KANSAS CITY, Mo. — The good news is that more than a half-million jobs have been added in the U.S. leisure and hospitality sector during the last two months.
The bad news is there’s a long way to go in rehiring for the sector — which includes hotel staff, restaurant workers and bartenders — that was the hardest hit by the pandemic recession brought on by COVID-19 emergency orders.
In particular, as restaurants reopen with many people eager to get out of the house for a meal again, some businesses report that finding workers has proven challenging.
“It really is in the leisure and hospitality sector that went down so far,” Mid-American Regional Council’s Director of Research Services Frank Lenk. “Even though they hired hundreds of thousands of workers in the last month or so, it’s just not fast enough to meet the burgeoning demand.”
The entertainment and leisure/hospitality sectors suffered the most in the Kansas City area, accounting for the bulk of the jobs lost during the last 14 months.
Nearly half of arts, entertainment and recreation jobs disappeared amid the pandemic with more than one-third (36.5%) of jobs in the accommodation and food services sector, according to a presentation Lenk prepared last week for the Johnson County Board of County Commissioners.
Most of those job losses were concentrated in accommodation and food services, according to Bureau of Labor Statistics estimates.
The education and health services sector also got battered, especially office workers in medical settings.
Health care and social assistance is the largest job sector in the Kansas City region with roughly 160,000 workers, according to Lenk.
Leisure and hospitality is the fifth-largest job sector with 101,000 regional workers.
The struggles in those job sectors mirror the nationwide trend.
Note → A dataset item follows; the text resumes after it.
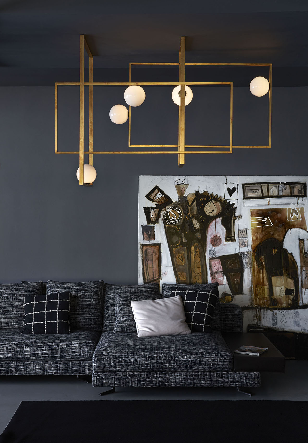 Symmetrically arranged canvases make the atmosphere more austere and restrained

There were more than double the job losses in the U.S. leisure and hospitality sector compared with any other job sector.
There were 31.4% fewer seated diners from online, phone, and walk-in reservations May 7-13 compared to 2019, according toOpenTable.com’s State of the Industry data, but that’s obviously much better than a year ago when all dine-in service was suspended amid emergency health orders.
Some restaurants and small businesses in Kansas City blamed federal unemployment assistance programs for the current labor shortage.
Gov. Mike Parson announced Tuesday that Missouri would end participation in the Pandemic Unemployment Emergency Compensation (PUEC) and Pandemic Unemployment Assistance (PUA) programs next month despite a congressional extension through early September as a way to force more people back into the labor force.
Sen. Josh Hawley, a Missouri Republican, applauded Parson's decision, calling the programs, which were initiated under the Trump administration, "disastrous."
Hawley called extending the payments — which began as part of the CARES Act last spring, were allowed to lapse by Congress during the late summer, were cut in half before being reinstated in December, and were extended for six months under the new American Rescue Plan extended the first time last December — "anti-work" policy.
"It’s helped drive the unemployment rate up in this country, which is amazing," Hawley said Thursday in an interview with 41 Action News. "In the midst of what is turning out to be a very strong economic recovery, Joe Biden is able to raise the unemployment rate."
Some businesses have taken to offering one-time signing bonuses or other incentives to attract workers, but the root of the rehiring problem may run deeper.
“Women are disproportionately in that leisure and hospitality sector and that was hit the hardest, but it also is bouncing back pretty strongly here and nationwide,” Lenk said.
“The childcare and the home issues are still there,” Lenk said, noting the closing of schools and day cares in some places combined with the approaching summer break create obstacles to employment. “Those don’t go away right away just because all of a sudden the employer wants the workers back.”
Does federal unemployment assistance play a role? Perhaps for some, but that raises an entirely separate issue with the labor force.
“The level of benefit, the unemployment insurance, probably has retarded some people’s return to work because they’re able to pay their bills where they weren’t when they were working in a low-wage job,” Lenk said. “So, that’s kind of an indictment of the low-wage job workforce and what it takes to make it in America.”
According to a 2017 U.S. Bureau of Labor Statistics analysis, more than three-fifths of all workers paid at or below minimum wage are in the hospitality and leisure sector, “almost entirely in restaurants and other food services.”
Some of those are tipped workers, but the industry may need to raise wages — something that hasn’t significantly happened yet, according to Heidi Shierholz, director of policy at the Economic Policy Institute.
John T. Harvey, a professor of economics at Texas Christian University and Forbes contributor, suggests that the issue of leisure and hospitality wages may actually be "a moral problem, not an economic one."